A comprehensive database of Tennessee native plants
Full to part sun; medium to moderately dry moisture level; prefers fertile, well-drained soil but tolerates clay and sandy soils; moderately acid to neutral pH.
6-8 feet height by 3-6 feet width; blooms June through August; lavender flowers; yellow, 2 inch, egg-shaped fruit.
Growth Rate: Rapid
Maintenance: No serious insect or disease problems. Roots can spread aggressively. To control spread, remove suckers regularly. Emerges fairly late in spring after all danger of frost is over so don’t get discouraged if it appears to have not made it through winter.
Propagation: Seed germination is sporadic over a long period, as much as 2 years. Cuttings and division are more predictable than seed propagation. Can use root suckers to propagate by division in early fall–remove and separate with a shovel, transplant and water immediately.
Native Region: Statewide
Attractive vine with unusual, showy flowers with a tropical look.

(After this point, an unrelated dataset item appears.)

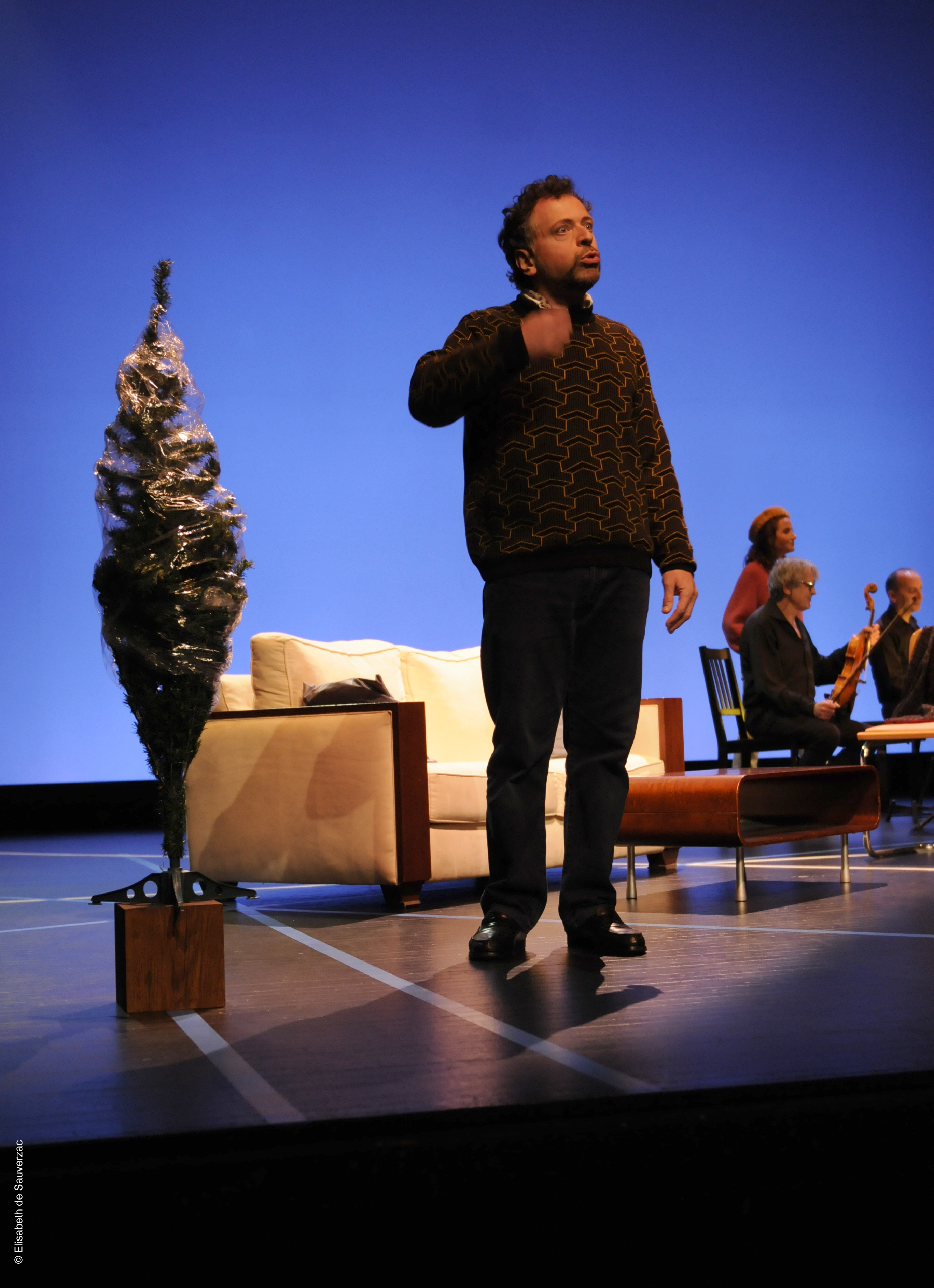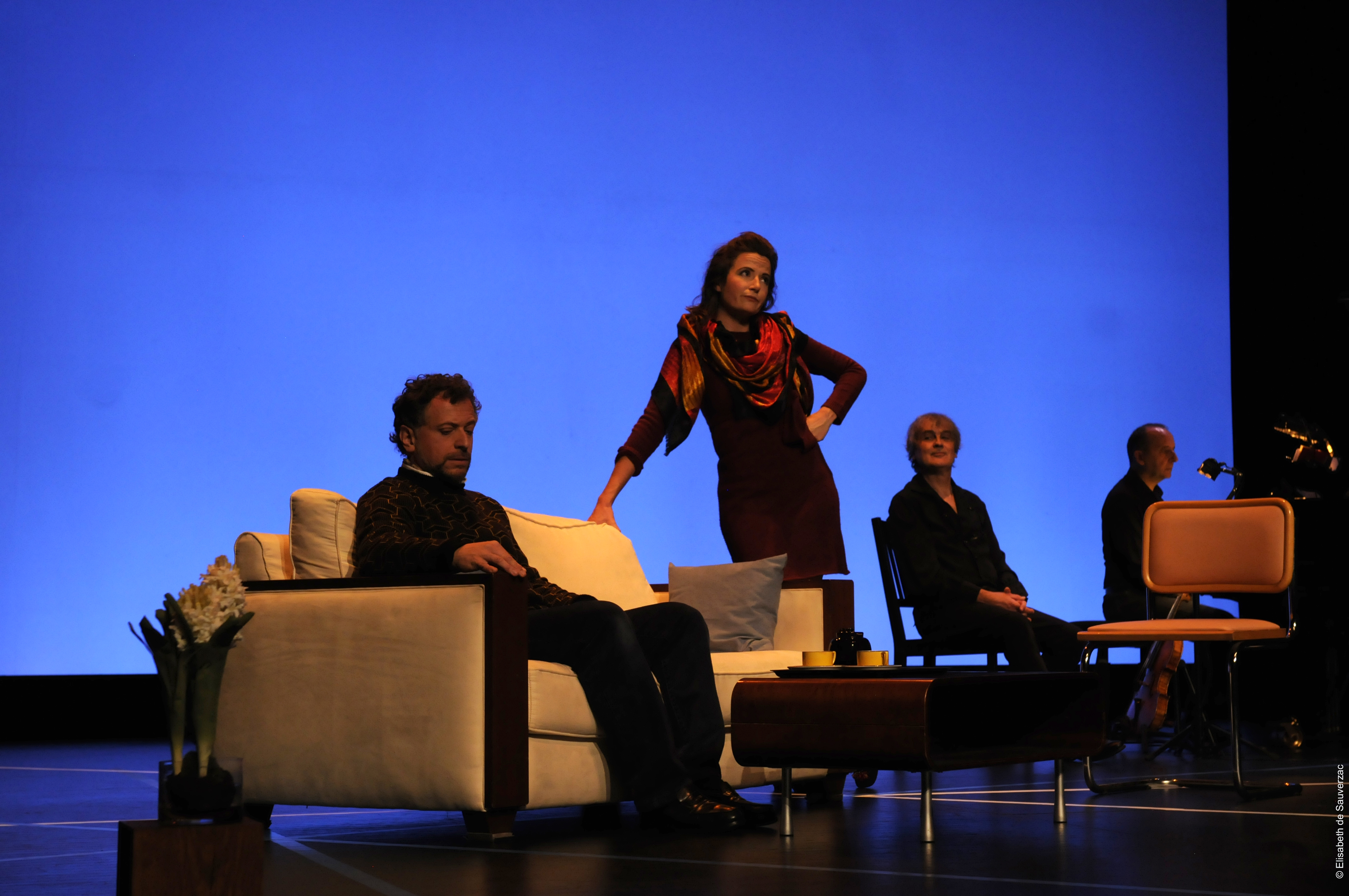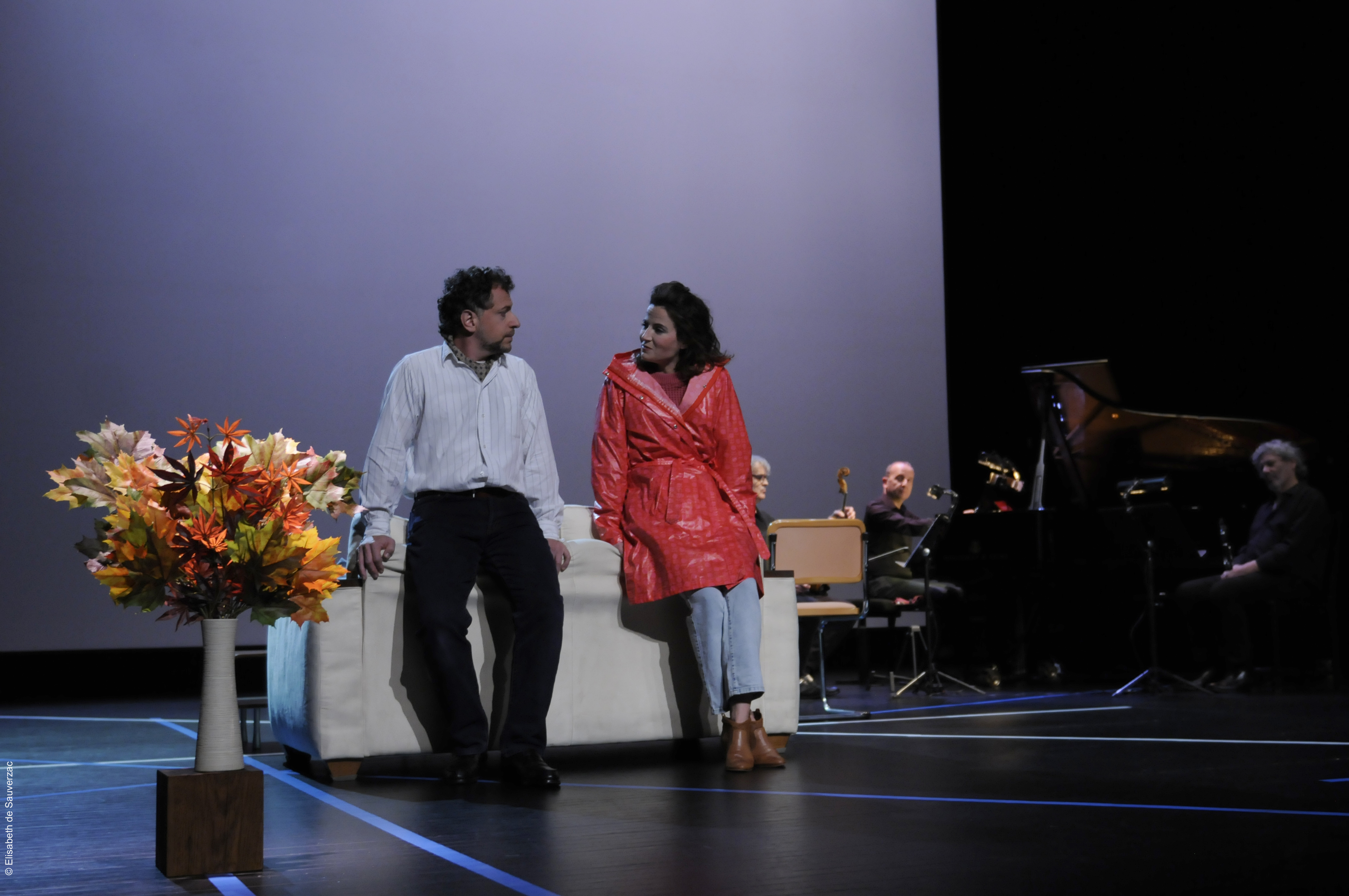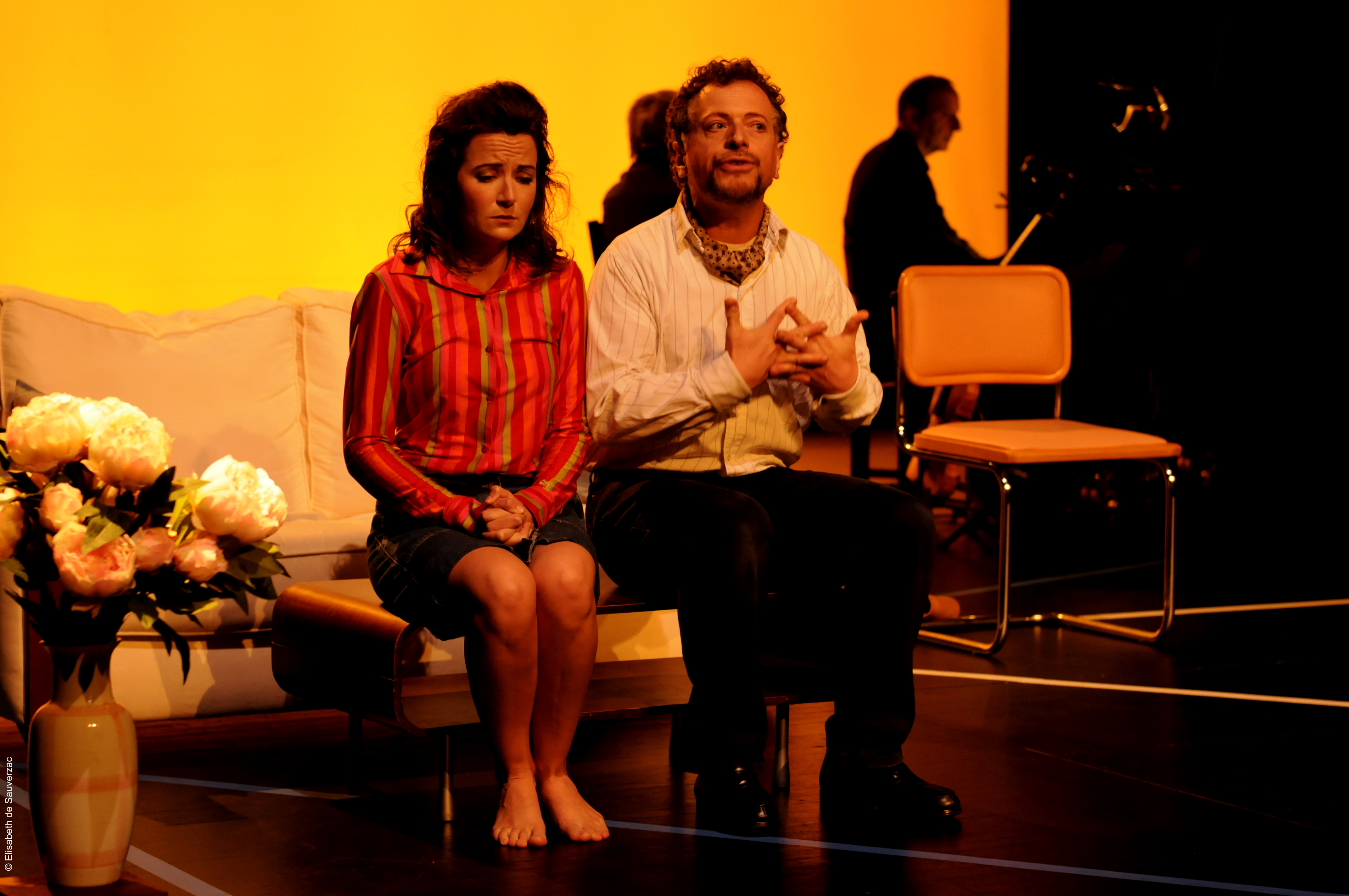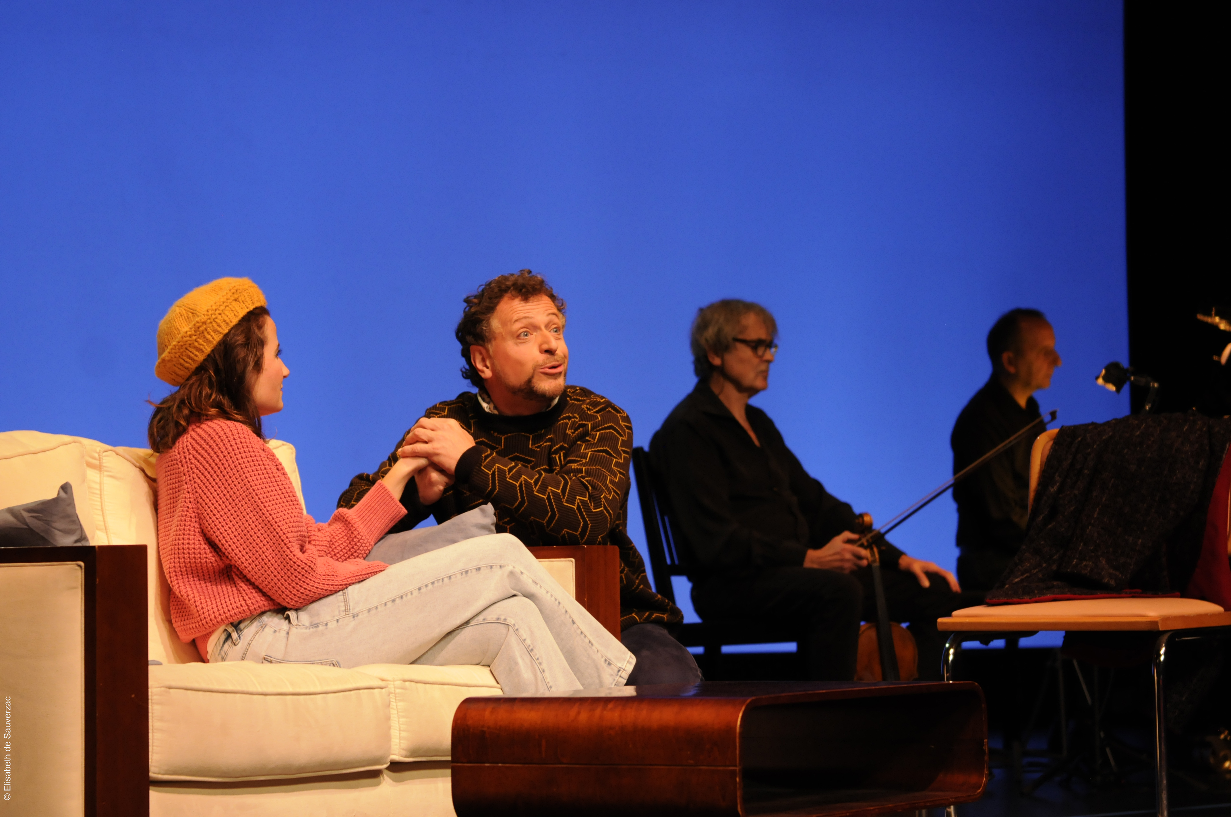 Comédiens Ugo Broussot, Eléonore Dupraz Musiciens clarinette Éric Lamberger, piano Michel Maurer, alto Alain Trésallet Costumes Elisabeth de Sauverzac Lumière Thierry d’Oliveira Reis Régie générale Erwan Le Métayer

Designated the Tennessee state wildflower. Climbs by tendrils from the leaf axils. Grows without care in a wide variety of places and well equipped for difficult ascents. Can be used on trellises, arbors, walls or fences or can be left to scramble across the ground. This is a perennial, herbaceous vine that dies back to the ground each winter. Prefers moist soil but highly drought tolerant once established. Requires direct sunlight for at least ½ day, and plants color their best when climbing in sun. The name Maypop comes from the hollow, yellow fruits that pop loudly when crushed. Although fruit is edible, it is not very tasty; can be cooked into juice or jelly. Leaves turn a brilliant crimson or cherry red in fall. Attracts butterflies and bees; is an important larval food source for Gulf Fritillary and Variegated Fritillary butterflies.